Go to the line with "1단계. 공식 문서(링크: https://docs.tempo.xyz/quickstart/faucet" in the entries below and write out every line from there through the line with "140x200 cm. med", exactly and without pictures.
:::
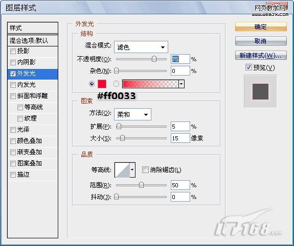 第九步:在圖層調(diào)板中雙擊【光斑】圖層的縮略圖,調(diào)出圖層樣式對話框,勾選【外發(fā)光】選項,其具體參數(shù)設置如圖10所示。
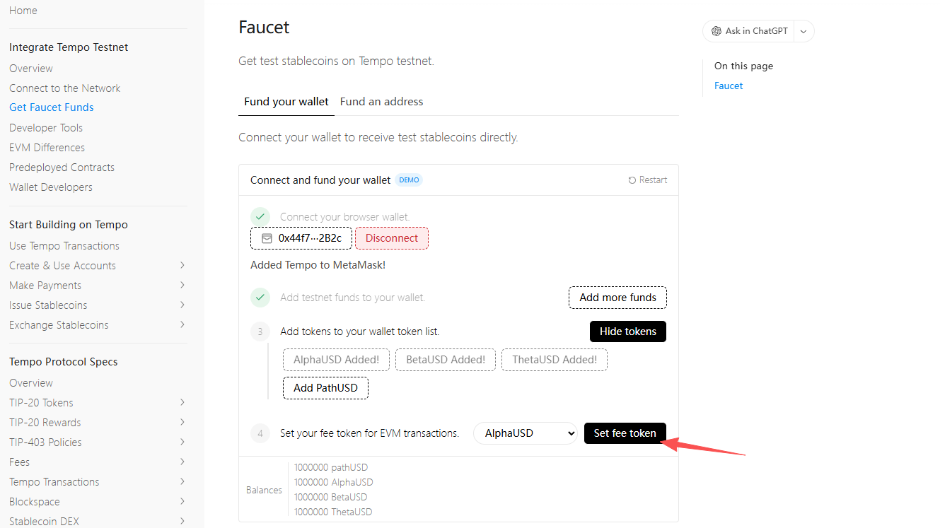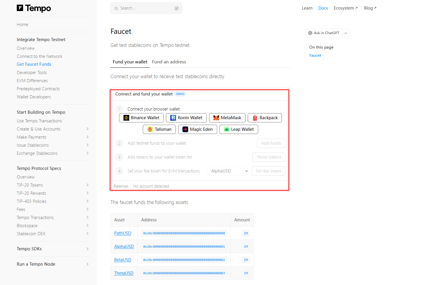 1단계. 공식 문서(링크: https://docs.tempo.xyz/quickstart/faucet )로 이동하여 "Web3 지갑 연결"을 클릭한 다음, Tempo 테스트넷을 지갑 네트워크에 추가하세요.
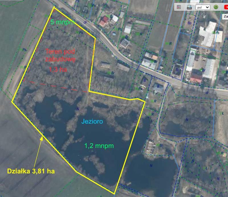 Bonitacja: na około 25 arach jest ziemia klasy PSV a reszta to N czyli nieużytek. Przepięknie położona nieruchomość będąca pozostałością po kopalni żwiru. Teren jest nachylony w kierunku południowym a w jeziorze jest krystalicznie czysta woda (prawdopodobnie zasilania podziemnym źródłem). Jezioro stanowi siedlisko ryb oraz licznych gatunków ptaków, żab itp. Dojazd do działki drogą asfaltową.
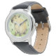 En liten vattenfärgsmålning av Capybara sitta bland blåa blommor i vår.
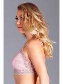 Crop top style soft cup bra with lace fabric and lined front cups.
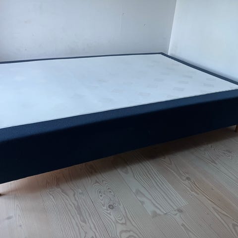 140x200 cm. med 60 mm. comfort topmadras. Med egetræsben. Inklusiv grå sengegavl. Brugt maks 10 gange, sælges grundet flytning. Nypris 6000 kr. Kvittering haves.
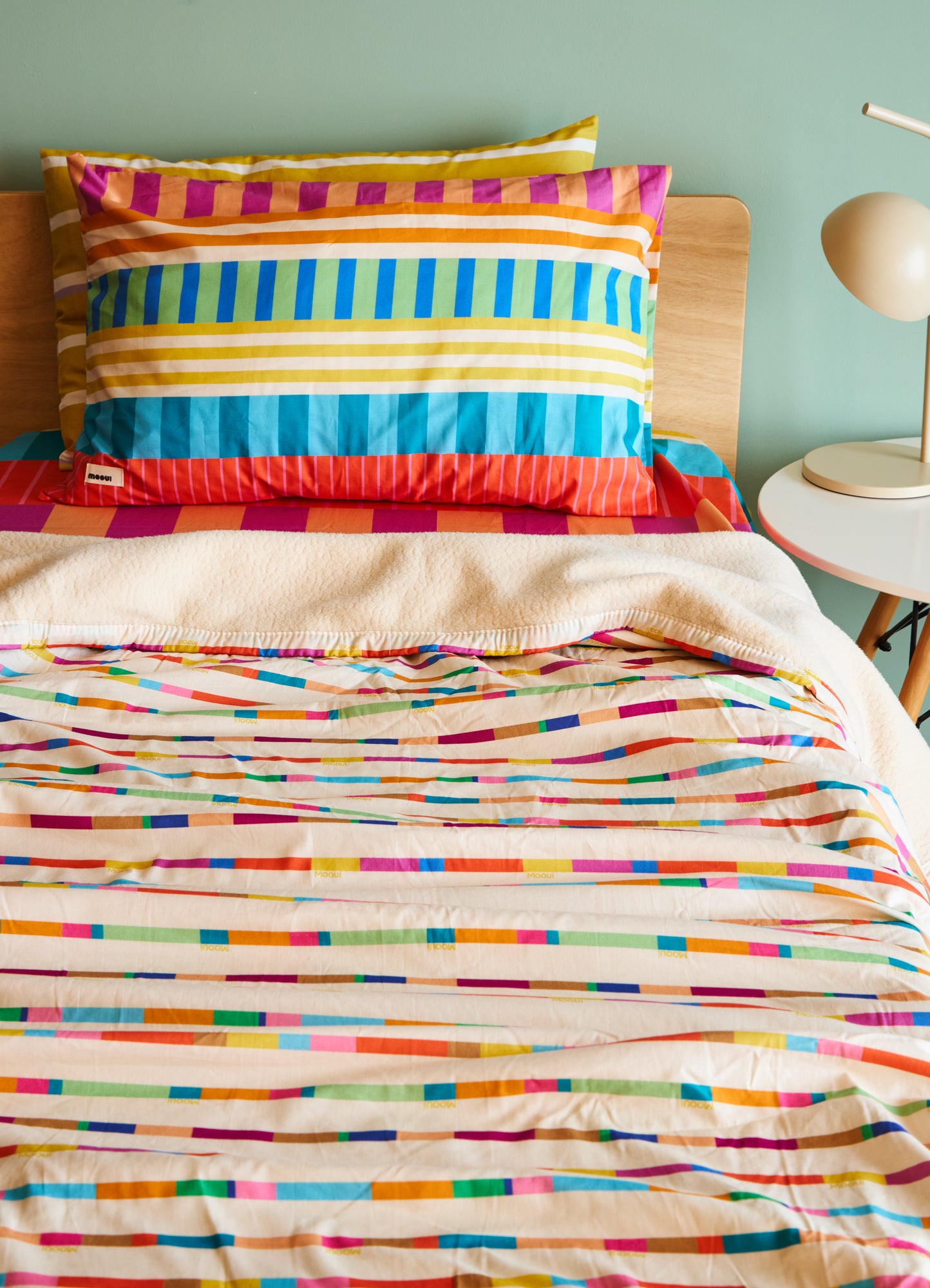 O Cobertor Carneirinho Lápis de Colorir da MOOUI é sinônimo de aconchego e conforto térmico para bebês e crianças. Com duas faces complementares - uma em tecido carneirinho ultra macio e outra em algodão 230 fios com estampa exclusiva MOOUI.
:::
▸ **Solution below**
 1단계. 공식 문서(링크: https://docs.tempo.xyz/quickstart/faucet )로 이동하여 "Web3 지갑 연결"을 클릭한 다음, Tempo 테스트넷을 지갑 네트워크에 추가하세요.
 Bonitacja: na około 25 arach jest ziemia klasy PSV a reszta to N czyli nieużytek. Przepięknie położona nieruchomość będąca pozostałością po kopalni żwiru. Teren jest nachylony w kierunku południowym a w jeziorze jest krystalicznie czysta woda (prawdopodobnie zasilania podziemnym źródłem). Jezioro stanowi siedlisko ryb oraz licznych gatunków ptaków, żab itp. Dojazd do działki drogą asfaltową.
 En liten vattenfärgsmålning av Capybara sitta bland blåa blommor i vår.
 Crop top style soft cup bra with lace fabric and lined front cups.
 140x200 cm. med 60 mm. comfort topmadras. Med egetræsben. Inklusiv grå sengegavl. Brugt maks 10 gange, sælges grundet flytning. Nypris 6000 kr. Kvittering haves.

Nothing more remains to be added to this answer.